Async Processes and Pipelines

PyPI docs CI codecov Downloads

shellous provides a concise API for running subprocesses using asyncio. It is similar to and inspired by sh.

import asyncio
from shellous import sh

async def main():
    result = await sh("echo", "hello")
    print(result)

asyncio.run(main())

Benefits

  • Run programs asynchronously in a single line.
  • Redirect stdin, stdout and stderr to files, memory buffers or loggers.
  • Construct pipelines and use process substitution.
  • Set timeouts and reliably cancel running processes.
  • Run a program with a pseudo-terminal (pty).
  • Runs on Linux, MacOS, FreeBSD and Windows.
  • Monitor processes being started and stopped with audit_callback API.

Requirements

  • Requires Python 3.9 or later.
  • Requires an asyncio event loop.
  • Process substitution requires a Unix system with /dev/fd support.
  • Pseudo-terminals require a Unix system.

Running a Command

The tutorial in this README uses the asyncio REPL built into Python. In these examples, >>> is the REPL prompt.
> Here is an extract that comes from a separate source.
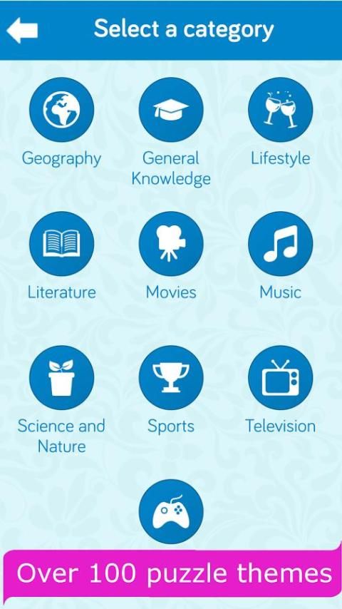 Choose from puzzle categories including Geography, General Knowledge, Lifestyle, Literature, Movies, Music, Science and Nature, Sports, Television and Toys and Games.

Start the asyncio REPL by typing python3 -m asyncio, and import sh from the shellous module:

>>> from shellous import sh

Here's a command that runs echo "hello, world".

>>> await sh("echo", "hello, world")
'hello, world\n'

The first argument to sh is the program name. It is followed by zero or more arguments. Each argument will be converted to a string. If an argument is a list or tuple, it is flattened recursively.
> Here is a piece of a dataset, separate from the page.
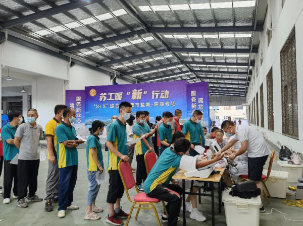 “集市”現(xiàn)場,在江蘇省總工會設(shè)立的“流動體檢車”中,三級工會約請的10多名專科醫(yī)生現(xiàn)場為新就業(yè)形態(tài)勞動者義診。而在法律服務(wù)工作區(qū)、心理咨詢工作區(qū)、專項保險工作區(qū)、困難幫扶工作區(qū)、求職就業(yè)政策指導(dǎo)區(qū)、安康“三送”暖“新”禮包發(fā)放領(lǐng)取區(qū)也都有相應(yīng)的工作人員接待新就業(yè)形態(tài)勞動者的各種咨詢服務(wù)。

>>> await sh("echo", 1, 2, [3, 4, (5, 6)])
'1 2 3 4 5 6\n'

A command does not run until you await it. When you run a command using await, it returns the value of the standard output interpreted as a UTF-8 string.

Here, we create our own echo command with "-n" to omit the newline. Note, echo("abc") will run the same command as echo -n "abc".

>>> echo = sh("echo", "-n")
>>> await echo("abc")
'abc'

Commands are immutable objects that represent a program invocation: program name, arguments, environment variables, redirection operators and other settings. When you use a method to modify a Command, you are returning a new Command object. The original object is unchanged.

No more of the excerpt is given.